Ištvan Išt Huzjan is one of the artists of the younger generation whose works are extraordinarily original in form, constantly flirting with the sphere of the ephemeral and thus interrogating the mechanisms and representational sphere of contemporary visual art. Besides that Huzjan attempts to recognize his own childhood, to search for the unconscious, a state of being that, in the artist’s thinking, is one of the crucial engines, one of the crucial sources, of his artistic practice.
The project Revisiting the 1st m2 – which the artist has been working on since 2009 and which is a kind of continuation of his past work – is essentially the same. Here too Huzjan attempts to recognize his own childhood, to search for the unconscious, a state of being that, in the artist’s thinking, is one of the crucial engines, one of the crucial sources, of his artistic practice. At its basis the project is about renting a square meter of public land in various locations in Europe. Each piece of land is a hundred kilometers apart from the next; taken together, they form a straight line from Amsterdam to Ljubljana. In order to rent the land, Huzjan had to travel to the different locations, find the owners, and sign a lease with them for renting the land at no charge; this made it possible for him to mark the selected sites for an agreed period of time. As he himself says, his personal journey through the selected locations occurred in two directions.

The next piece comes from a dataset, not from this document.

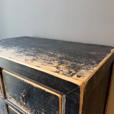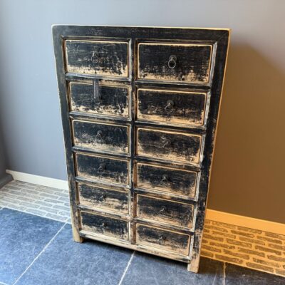 Schwarz geschliffene Kommode ‘Firenze’ mit 12 Schubladen, gefertigt aus altem Kiefernholz.

The horizontal journey, from west to east, proved to be a kind of sociopolitical study, as along the way the artist was dealing with various histories, laws, and the lives of the people who, willingly or not, became caught up in the project. But what demonstrates the precision of Huzjan’s artistic practice and, in a sense, rounds out the entire project is, certainly, the vertical aspect of his journey, which is again directly involved with the personal sphere. During the time he lived in Amsterdam, Huzjan would make regular trips home to Ljubljana and, on these trips, would always take a subordinate position in relation to the owners of the selected pieces of land. These tireless, long journeys home remind us of Odysseus’s ten-year travels, but at the same time they are an even more powerful testimony to the artist’s emotional capacity and his ability to forge and maintain relationships, whether close, distant, or random.